Issue
I wrote a code for a confusion matrix in order to compare two lists of number following documentation online and when I thought I got good results, I noticed that the values were positioned in a weird way. First, this is the code I am using:
## Classification report and confusion matrix
import numpy as np
def evaluate_pred(y_true, y_pred):
y_test = np.array(y_true)
y_predict = np.array(y_pred)
target_names = ['Empty', 'Human', 'Dog', 'Dog&Human']
labels_names = [0,1,2,3]
print(classification_report(y_test, y_predict,labels=labels_names, target_names=target_names))

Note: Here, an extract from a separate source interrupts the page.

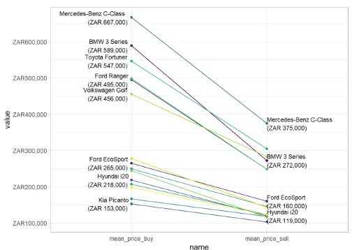 To answer the question he scraped adverts for second-hand cars on Gumtree, for a total of 390 000 different vehicles across South Africa.

cm = confusion_matrix(y_test, y_predict,labels=labels_names, normalize='pred')
cm2 = confusion_matrix(y_test, y_predict,labels=labels_names)
disp = ConfusionMatrixDisplay(confusion_matrix=cm,display_labels=target_names)
disp = disp.plot(cmap=plt.cm.Blues,values_format='g')
disp2 = ConfusionMatrixDisplay(confusion_matrix=cm2,display_labels=target_names)
disp2 = disp2.plot(cmap=plt.cm.Blues,values_format='g')
plt.show()
and after giving it two lists (labels and prediction) I get the following result (below is the normalized matrix), but as you can see, the rows for each class are supposed to add up to the total, but instead, it's the columns that do. I tried different things but I still cannot get it fixed. There is something I am missing but I cannot figure it out. Thanks a lot for any help.
Solution
I simply had to use normalize='true'
instead of normalize='pred'
to solve the issue. it seems like setting the value to pred
considers the total of each column and then calculates the percentage based on that.